» **BRIEF**:
Pictures in the records below must be left out. Return exactly the lines from the line with "A decade of" to the line with "в публикации Поклад.", both included.

» **SUPPLIED RECORDS**:
===============
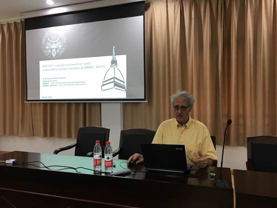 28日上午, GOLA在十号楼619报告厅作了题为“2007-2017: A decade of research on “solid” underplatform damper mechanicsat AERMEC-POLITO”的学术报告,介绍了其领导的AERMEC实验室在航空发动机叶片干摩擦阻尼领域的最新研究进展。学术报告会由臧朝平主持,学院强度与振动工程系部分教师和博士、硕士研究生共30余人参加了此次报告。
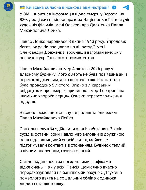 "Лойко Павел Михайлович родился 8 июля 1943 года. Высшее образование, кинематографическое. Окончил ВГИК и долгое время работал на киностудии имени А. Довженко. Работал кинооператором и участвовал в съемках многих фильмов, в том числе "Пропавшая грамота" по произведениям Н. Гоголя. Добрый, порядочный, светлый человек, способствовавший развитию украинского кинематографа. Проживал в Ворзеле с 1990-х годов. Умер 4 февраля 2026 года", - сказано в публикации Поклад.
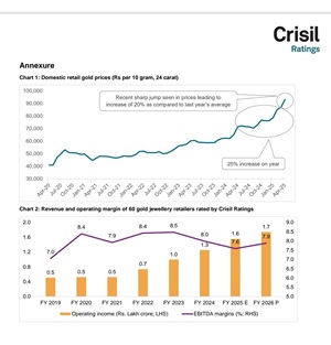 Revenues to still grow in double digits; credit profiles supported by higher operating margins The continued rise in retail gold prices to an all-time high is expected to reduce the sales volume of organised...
===============
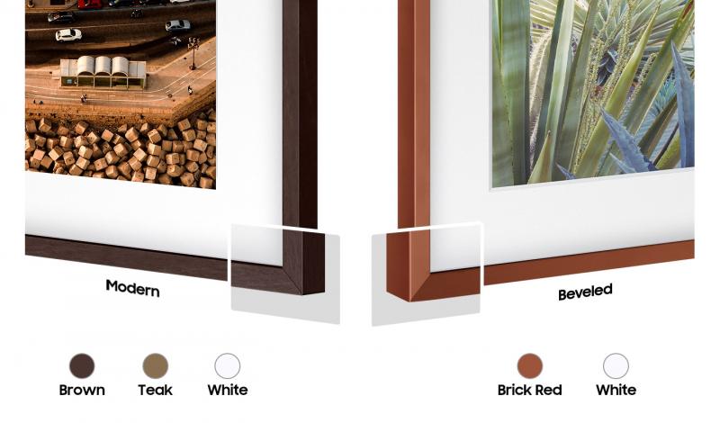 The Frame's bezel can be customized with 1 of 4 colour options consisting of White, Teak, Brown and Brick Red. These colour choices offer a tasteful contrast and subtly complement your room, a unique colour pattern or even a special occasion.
===============
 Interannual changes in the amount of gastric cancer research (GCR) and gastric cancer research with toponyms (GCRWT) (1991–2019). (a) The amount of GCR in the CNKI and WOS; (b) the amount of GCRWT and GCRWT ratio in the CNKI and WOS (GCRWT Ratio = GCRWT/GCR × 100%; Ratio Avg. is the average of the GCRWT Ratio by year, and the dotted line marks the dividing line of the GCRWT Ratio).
===============
» **WRITTEN SOLUTION**:
 28日上午, GOLA在十号楼619报告厅作了题为“2007-2017: A decade of research on “solid” underplatform damper mechanicsat AERMEC-POLITO”的学术报告,介绍了其领导的AERMEC实验室在航空发动机叶片干摩擦阻尼领域的最新研究进展。学术报告会由臧朝平主持,学院强度与振动工程系部分教师和博士、硕士研究生共30余人参加了此次报告。
 "Лойко Павел Михайлович родился 8 июля 1943 года. Высшее образование, кинематографическое. Окончил ВГИК и долгое время работал на киностудии имени А. Довженко. Работал кинооператором и участвовал в съемках многих фильмов, в том числе "Пропавшая грамота" по произведениям Н. Гоголя. Добрый, порядочный, светлый человек, способствовавший развитию украинского кинематографа. Проживал в Ворзеле с 1990-х годов. Умер 4 февраля 2026 года", - сказано в публикации Поклад.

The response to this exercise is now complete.